No. "I want to do whatever you want to do."
"I want to go back to bed," she shrugged, "but if you'd rather go back to your own bed..."
"I'd..." Will swallowed hard. He had already screwed this up enough. He should just go home. Back to the empty bed that still tingled with Georgia Madchen's presence; back to the mattress he shared with Elyse Nichols; to wrapping himself up in musty towels after awakening... "I'd like to stay. With you. If that's...if that's okay."
The dogs would be fine without him. Dogs didn't have nightmares.
Molly smiled softly and gave a single nod. "I'd like you to stay too."
"I'm sorry for falling asleep earlier."
"You're tired," she shut the window.
"Yeah, I'm tired," he tried not to laugh. It was funny to hear someone say it so simply and mean it that way though. Everybody else carried all the assumptions about him in their speech.
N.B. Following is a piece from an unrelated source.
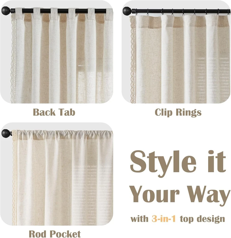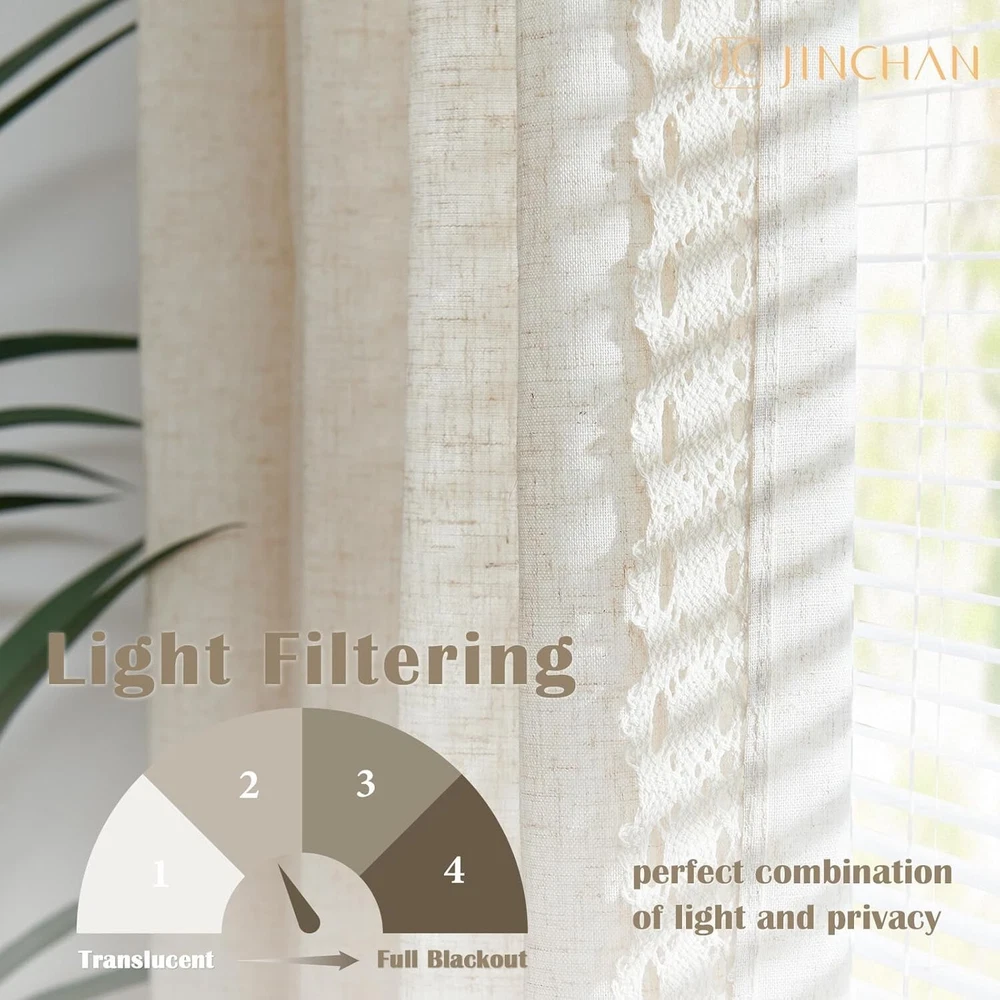 jinchan Linen Blend Beige Curtains 108 Inch Length 2 Panels Curtains with Lace Trim for Living Room Extra Long Rustic Farmhouse Curtains Rod Pocket Light Filtering Curtains Bedroom Window Curtain Set Lace Trim Curtains: Add some rustic romance to your home with JINCHAN linen beige curtains. Package includes 2 panels in 50 inch wide by 108 inch long each, 100 by 108 combined. Flax fabric with delicate lace crochet trim, these drapes dress up your home with a vintage farmhouse style. Beauty Meets Simplicity: Made of lightweight linen fabric in neutral color palette, these semi sheer curtains create a perfect balance between softness and substance in a simple way. They provide enough privacy from outsiders while inviting natural light in and keeping the room bright. Dual Hanging Options: Rod pocket top allows for a modern touch while back tabs add an elegant flair. The 3-in-1 construction makes the farmhouse curtains easy to slide through a curtain rod up to 1 1/2 inch inch diameter. You can pair them with blinds or sheers for extra opacity and privacy. Style It Your Way: Featured lace crochet edges, these drapes create dimensional highs and lows for added depth, which is perfect for rustic, shabby chic and boho home. They can be installed in the living room, bedroom, dining room, kitchen, office, patio door, and sunroom for daily use. Easy Maintenance: These shabby chic curtains can withstand tear and wear thanks to the durable linen material. They are also easy to care. Machine washable in cold water with no bleach. Wash with similar colors. Tumble dry in low heat. The creases can be removed by ironing and steaming.
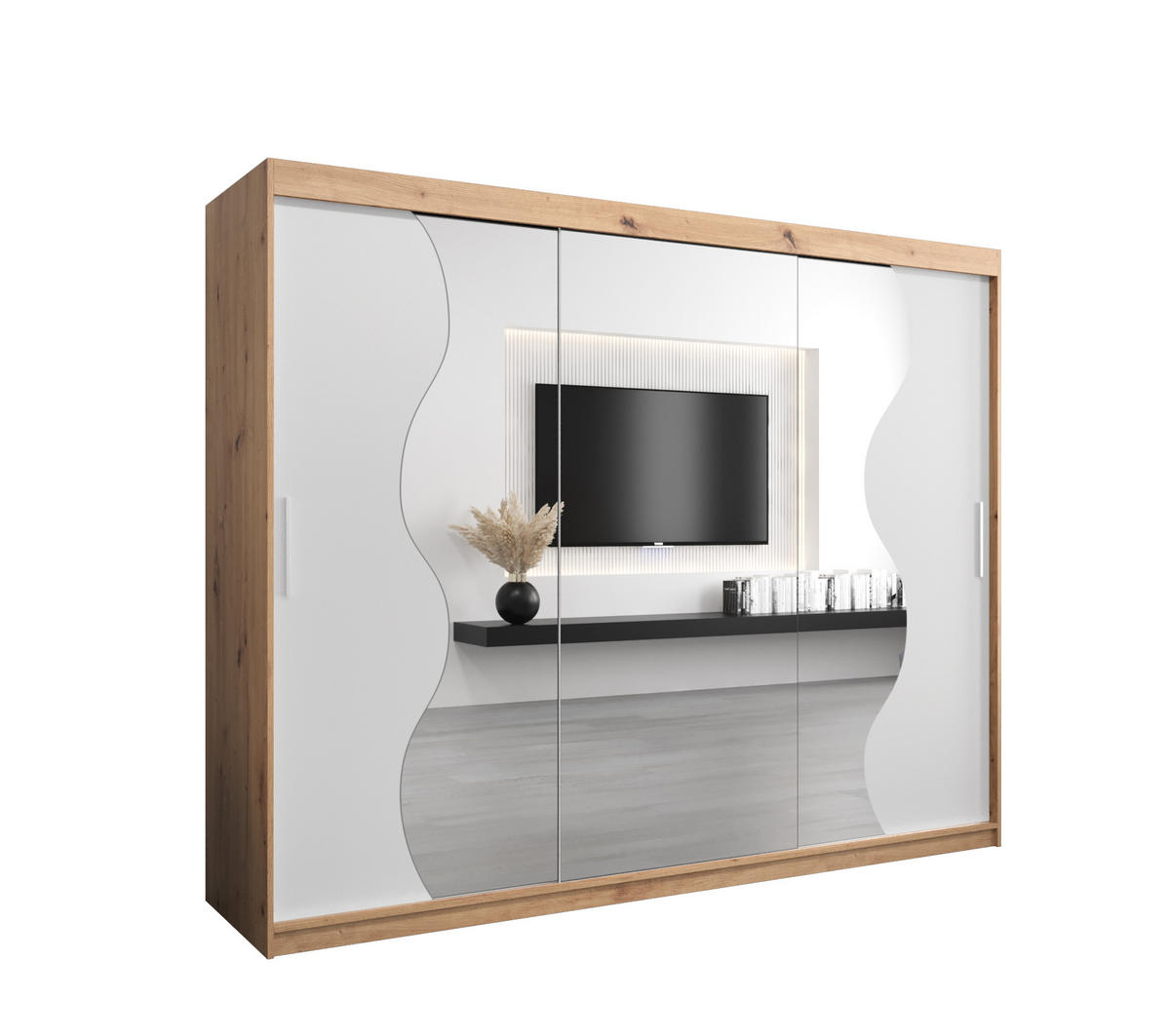 Schrankabmessungen: Breite 250 cm, Höhe 200 cm, Tiefe 62 cm. Türtyp: Schiebetür. Anzahl der Türen: 3 Türen. Kleiderschrank mit Spiegel. Material: Korpus und Front aus 16 mm dickem Laminat, Aluminiumführungen, Metallstangen, Kunststoffgriffe, Kanten aus 0,5 mm starkem PVC-Furnier.

Molly didn't come with any hidden meanings; she didn't use double speak or euphemisms. She really was just saying that he was tired.
He slid back under the covers with her, negotiating the space of the bed with more care now that they were actually just trying to get some sleep. Molly turned out the light, but the darkness seemed different now that Will had his bearings. Less predatory, more comforting: the disorientation was gone, as was the accompanying panic and threat of a blackout. He got bold in that moment. If this was going to be his last night with Molly Foster, and she had every right to walk away, Will at least wanted one last good memory to hold onto.
He had his hand halfway between them when Molly slid towards him. Her torso rested on his arm. "Is this okay?" she asked.
Will hadn't realized he'd stiffened until then. It was fine when he initiated contact with others – rare as those instances were – but having someone else initiate it still made him freeze. "Yeah," he wished he could sound surer of himself, but there was no way to do that with his heart in his throat. "Yeah, this is fine."
"Because I can-"
"Well, so can I-"
He took a deep breath and inched closer. Not so close that he felt invaded, but not so far that her arms could no longer reach around him. Which they did, lightly, just enough to keep him anchored. Will didn't need to look back at the clock anymore. He didn't need to tell himself he was in Great Falls. And after she breathed, "Good night, Will," he knew exactly who he was.